Prawie połowa stacji obsługujących policyjne auta zostanie zamknięta. Kłopoty ma też instytucja zarządzająca budynkami i hotelami - ujawnia "Rzeczpospolita".

REKLAMA

Policyjne stacje obsługi aut od dawna były niedochodowe, ale Komenda Główna Policji i MSW liczyły na to, że kiedy trafią pod skrzydła utworzonego półtora roku temu Centrum Usług Logistycznych (CUL), sytuacja się poprawi. Tak się nie stało.

Na koniec grudnia 2011 roku wszystkie stacje obsługi przyniosły prawie 2 mln zł strat.

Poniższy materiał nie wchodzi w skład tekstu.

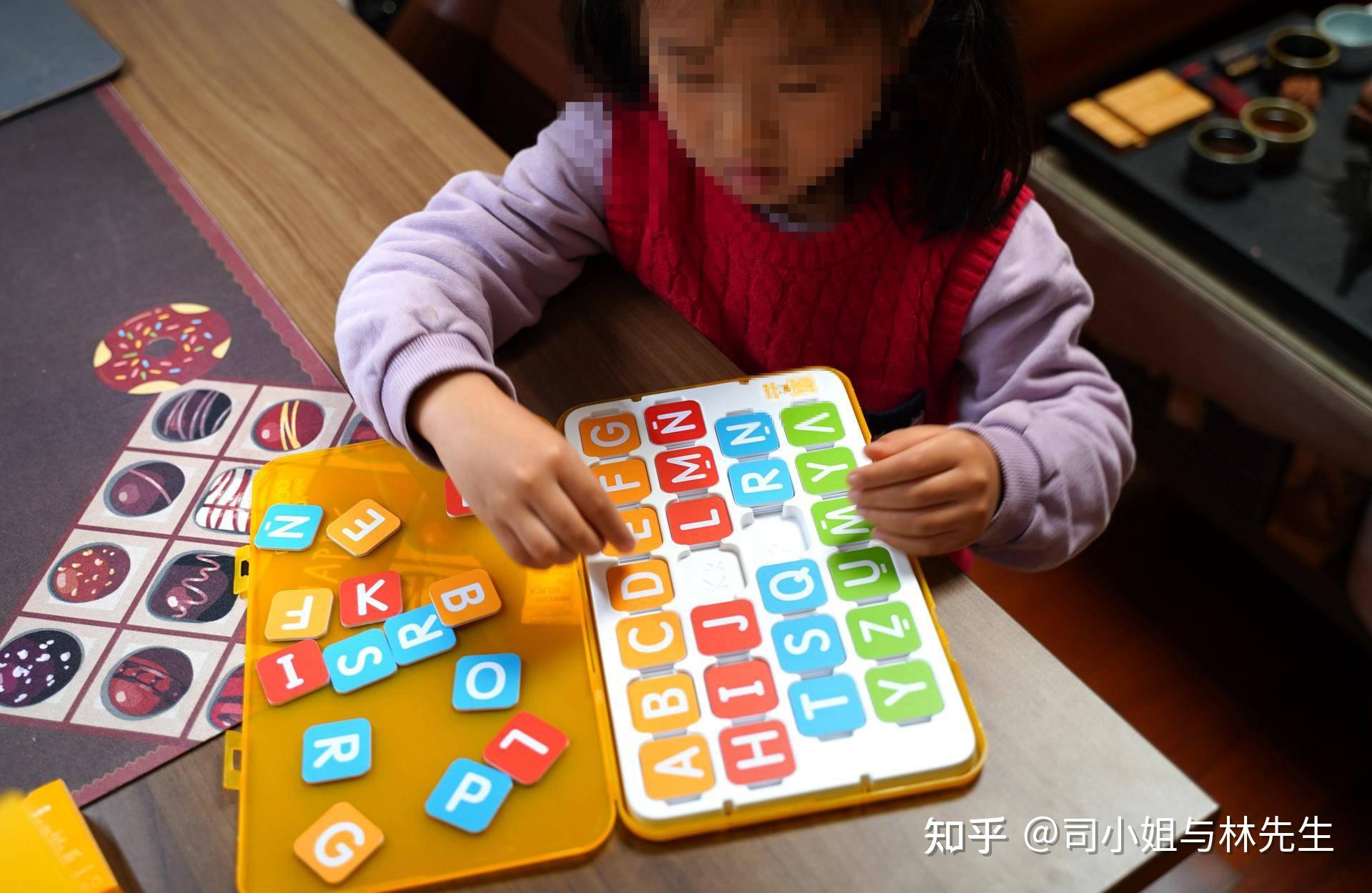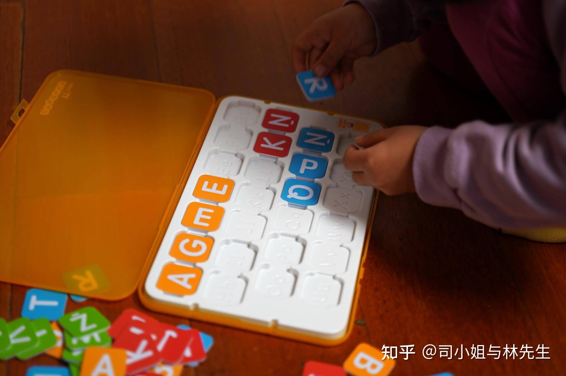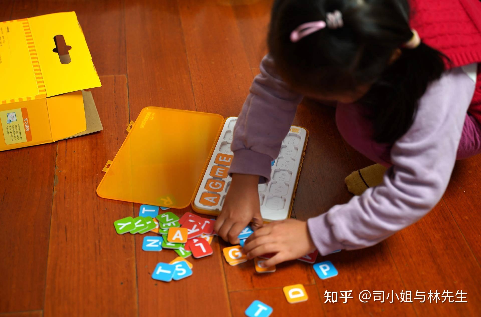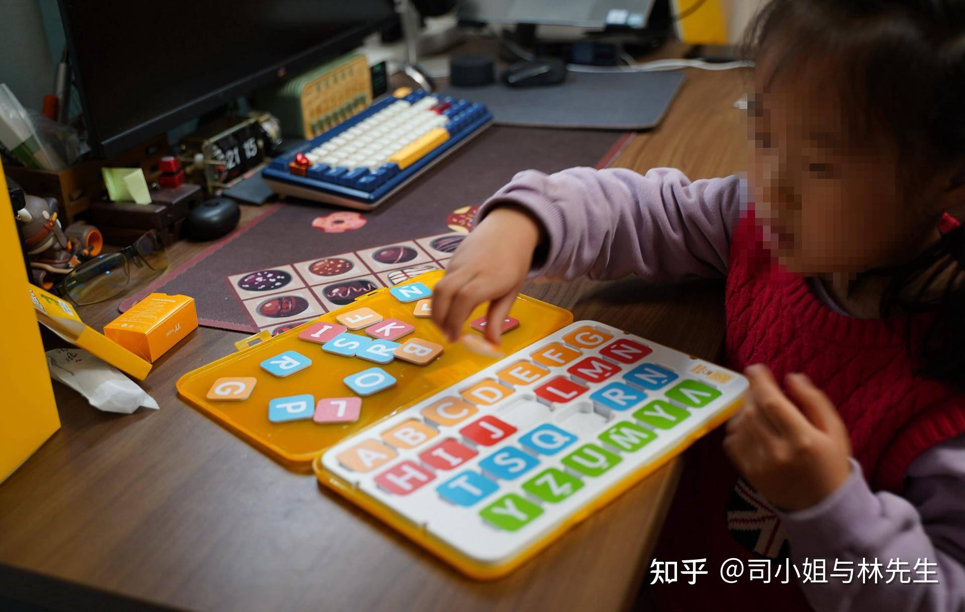 我让小家伙一个一个放进去,脾气急的跳起来,我耐心的和她说让她慢点来,为了后面对应单词和读音,不然字母乱了,学习的时候不好寻找。
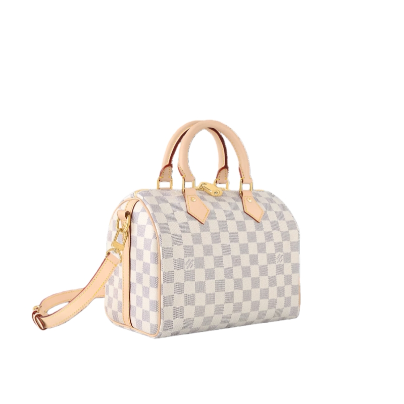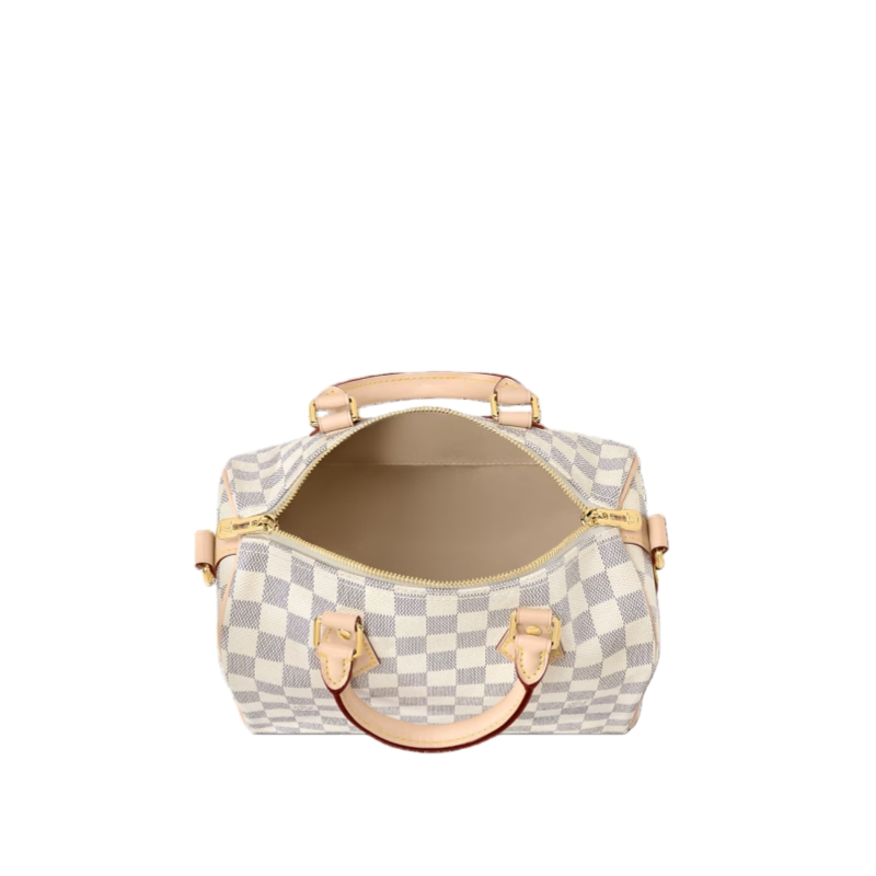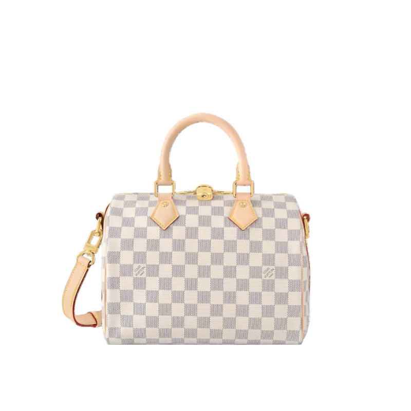 The Speedy Bandoulière 25 handbag in fresh Damier Azur canvas is an ideal choice for summer in the city. Originally created for travelers in the 1930s – the name refers to the era’s rapid transit – every feature of the Speedy’s design is iconic, from its unmistakable shape to the rolled leather handles, engraved padlock and detachable strap.
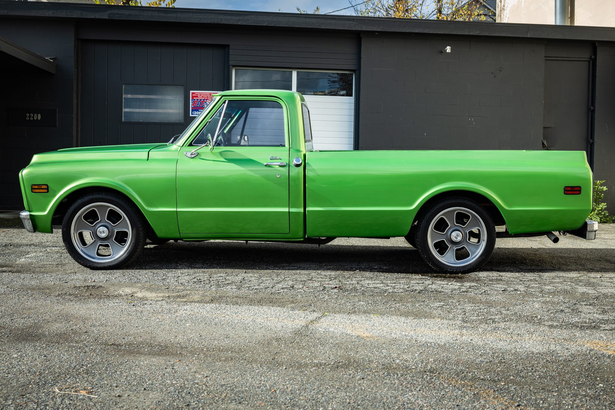 US Mags 20″ alloy wheels wear 255/45 Continental ExtremeContact tires, and stopping power is from power-assisted drum brakes. The ride height is lowered with modified suspension featuring front upper and lower control arms with coil springs as well as a solid rear axle with leaf springs.
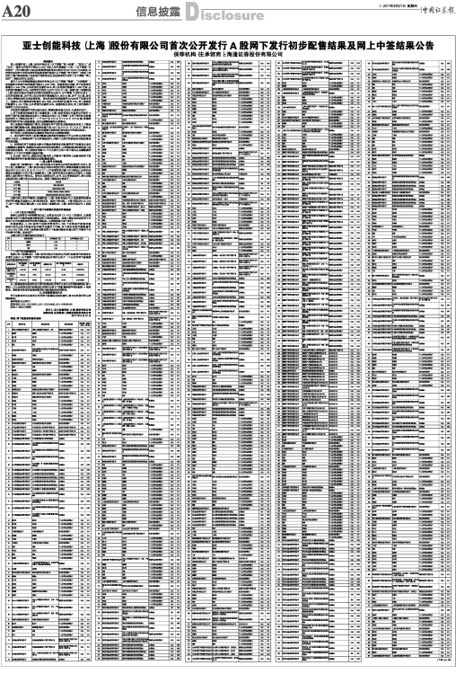 亚士创能科技(上海)股份有限公司首次公开发行A股网下发行初步配售结果及网上中签结果公告
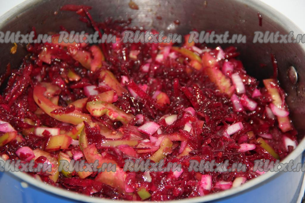 Перемешать овощи и поставить кастрюлю на огонь. Довести салат на среднем огне до кипения, накрыть крышкой. Варить салат из свеклы, помидоров и перца на среднем огне 45 минут, периодически перемешивая.

W tym roku - jak szacuje policja - będzie to ponad 5,5 mln zł. To wszystko w sytuacji, gdy policja i tak musi zaciskać pasa.

Stacje generują tak znaczące straty, że ze względów ekonomicznych 5 z 12 istniejących musimy po prostu zamknąć, a pozostałe zrestrukturyzować - mówi Mariusz Sokołowski, rzecznik Komendy Głównej.

Jak dowiedziała się "Rzeczpospolita", trzy stacje serwisowe zostaną zamknięte w Wielkopolsce: w Pile, Koninie i Poznaniu, gdzie łącznie do zwolnienia jest 40 osób.

CUL miało przynosić zyski, a tonie w długach. Teraz trzeba reorganizować tę strukturę, a najłatwiej zwalniać pracowników cywilnych - komentuje Andrzej Szary, wiceprzewodniczący NSZZ Policjantów.